A team of researchers in Nova Scotia have seen early success working with “green gravel,” small rocks used as a surface to grow sugar kelp, a species that has thinned out in the province’s waters due to the impacts of climate change. The seedlings are currently being stored in a special shipping container before the team plants them temporarily into existing kelp beds off of Mahone Bay to see if they continue to grow.

Cascadia shipping container where the research team is growing sugar kelp
Photo by Cascadia Seaweed

Kelp, technically a type of algae, is an essential part of the ocean’s ecosystem, as it provides habitat for other species and can also pull excess, potentially harmful nutrients from the water, helping maintain a delicate balance. However, with warming waters and a decline in the overall health of our oceans, there’s been a thinning of kelp beds in Nova Scotia and elsewhere in Canada. 

The project, a collaboration between the National Research Council (NRC), the Ecology Action Centre in Halifax, Cascadia Seaweed, and Quebec-based industrial marine research company Merinov, could have implications for depleted kelp beds across Canada. Flora Salvo, a researcher with Merinov, is also working with the NRC to create a bank of kelp seeds that have shown resilience and adaptability. “The idea of developing a bank is for any [kelp] farming activities to have the potential for seeds to be available at any time,” she said. “If there is a place where the population is starting to decline, then we’d already have the genetic print of it, and we can hopefully grow them from there.”

Merinov was asked to partner with the green gravel team given their expertise in other types of seaweed farming and restoration. Salvo and Stephen O’Leary, a lead researcher with the NRC, helped develop the plan with the Ecology Action Centre, whose team also brought previous expertise with algae conservation. 

Salvo said while the green gravel technology is exciting, she hopes the main takeaway from this project is the value of open, generative collaboration.
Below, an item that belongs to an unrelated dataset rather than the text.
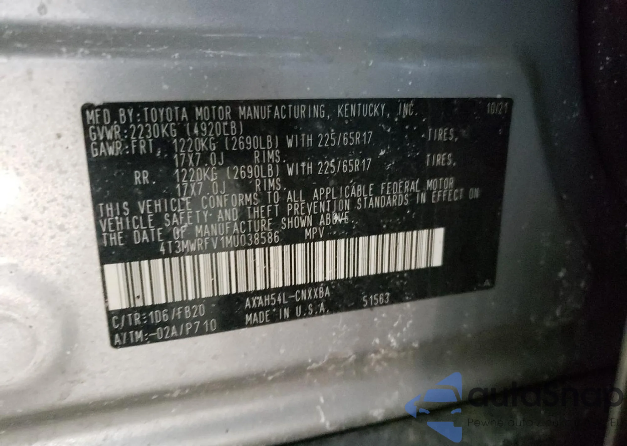 VIN: 4T3MWRFV1MU038586

With private industry, government, and local action groups all having a seat at the table, Salvo points out how the mix of expertiseand shared goal of conservationhas contributed to the successes. “Having different backgrounds really added to the possibility of being able to restore the area, especially with species like sugar kelp, which provides support and life for a lot of organisms,” she said. “To fight climate change might be difficult, but when you have any damage to the environment, the capacity we have for restoration of the ecosystem is really important.”

This story has been updated to clarify that the kelp will reside temporarily in Mahone Bay.